Now, that we have set up Kamaki we will upload the Image that we have downloaded and stored under /srv/images/. Although we can upload the Image under the root Pithos container (as you may have done when uploading the Image from the Pithos Web UI), we will create a new container called images and store the Image under that container. We do this for two reasons:
We create the new images container by running:
$ kamaki container create images
To check if the container has been created, list all containers of your account:
$ kamaki file list /images
Then, we upload the Image file to that container:
$ kamaki file upload /srv/images/debian_base-7.0-x86_64.diskdump /images
The first is the local path and the second is the remote container on Pithos. Check if the file has been uploaded, by listing the container contents:
$ kamaki file list /images
Alternatively check if the new container and file appear on the Pithos Web UI.

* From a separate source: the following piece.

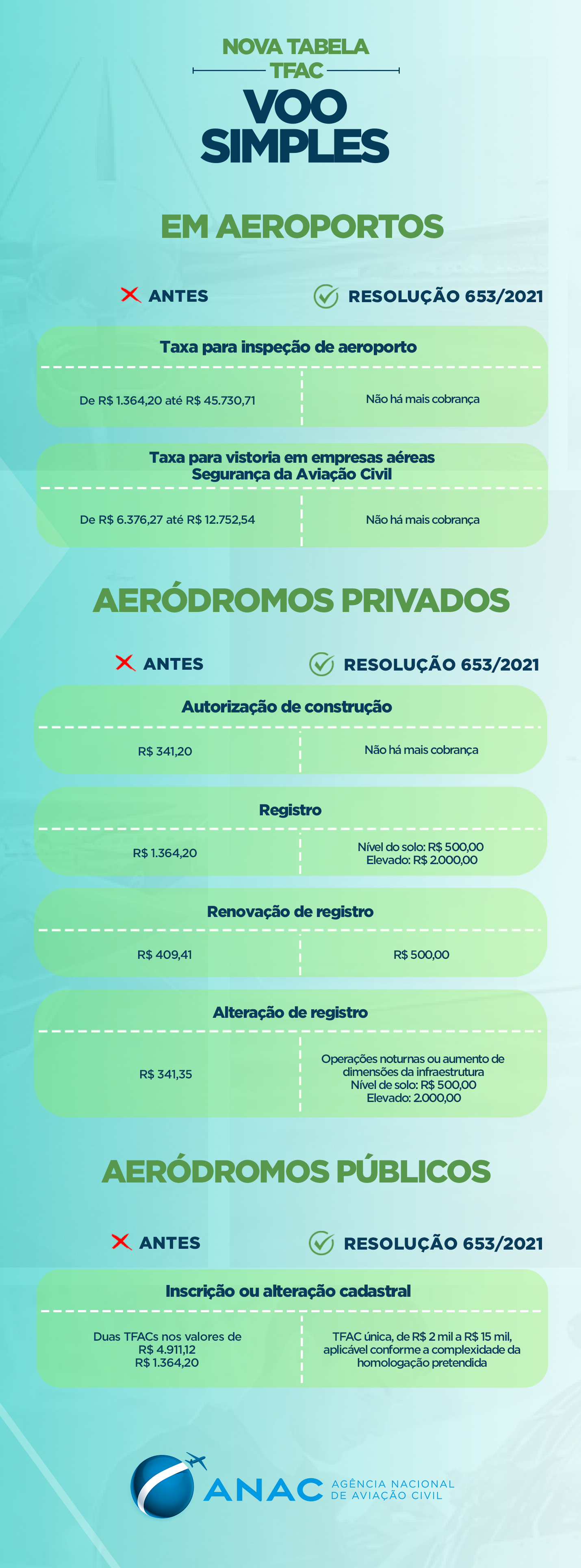Com o intuito de restringir a cobrança da TFAC aos casos mais complexos, bem como ajustar e atualizar valores, a nova tabela revogou a taxa de R$ 341,20 para autorização de construção de aeródromo ou de heliponto privado, serviço não mais prestado pela Agência, e alterou várias outras, como a taxa para inscrição de aeródromos privados, reduzida de R$ 1.364,20 para R$ 500,00, e fixação em R$ 2.000,00 a TFAC para inscrição para heliponto, dada a complexidade do processo.

For the purposes of the following example, we assume that the user has uploaded a file in container pithos called debian_base-7.0-x86_64.diskdump. Moreover, he should have the appropriate metadata file.
$ wget https://cdn.synnefo.org/debian_base-7.0-x86_64.diskdump.meta
Once the Image file has been successfully uploaded on Pithos then we register it to Cyclades, by running:
$ kamaki image register --name "Debian Base" \
--location /images/debian_base-7.0-x86_64.diskdump \
--public \
--metafile debian_base-7.0-x86_64.diskdump.meta
This command registers a Pithos file as an Image in Cyclades. This Image will be public (--public), so all users will be able to spawn VMs from it.
If the registration completes successfully, go to the Cyclades Web UI from your browser at https://node1.example.com/cyclades/ui/.
Click on the New Machine button and the first step of the wizard will appear. Click on My Images (right after System Images) on the left pane of the wizard. Your previously registered Image “Debian Base” should appear under Available Images. If not, something has gone wrong with the registration. Make sure you can see your Image file on the Pithos Web UI and $ kamaki image register returns successfully with all options and properties as shown above.
If the Image appears on the list, select it and complete the wizard by selecting a flavor and a name for your VM. Then finish by clicking Create. Make sure you write down your password, because you WON’T be able to retrieve it later.
If everything was setup correctly, after a few minutes your new machine will go to state Running and you will be able to use it. Click Console to connect through VNC out of band, or click on the machine’s icon to connect directly via SSH or RDP (for windows machines).
This section describes the installation of Admin. Admin is a Synnefo component that provides to trusted users the ability to manage and view various different Synnefo entities such as users, VMs, projects etc.
We will install Admin on node1. To do so, we install the corresponding package by running on node1 the following command:
# apt-get install snf-admin-app
Once the package is installed, we must configure the ADMIN_BASE_URL setting. This setting is located in the /etc/synnefo/20-snf-admin-app-general.conf settings file. Uncomment it and assign the following URL to it: https://node1.example.com/admin.
Restart gunicorn on node1:
# /etc/init.d/gunicorn restart
Now, we can proceed with testing Admin.
In order to test the Admin Dashboard, we need a user that belongs to the admin group. We will use the user that was created in Testing of Astakos section:
root@node1:~ # snf-manage group-add admin
root@node1:~ # snf-manage user-modify 1 --add-group=admin
Then, you need to login to the Astakos node by visiting: https://node1.example.com/astakos.
Once you login successfully, you can access the Admin Dashboard from: https://node1.example.com/admin.
This should redirect you to the Users table, where there should be an entry with this user.
Congratulations. You have successfully installed the whole Synnefo stack and connected all components.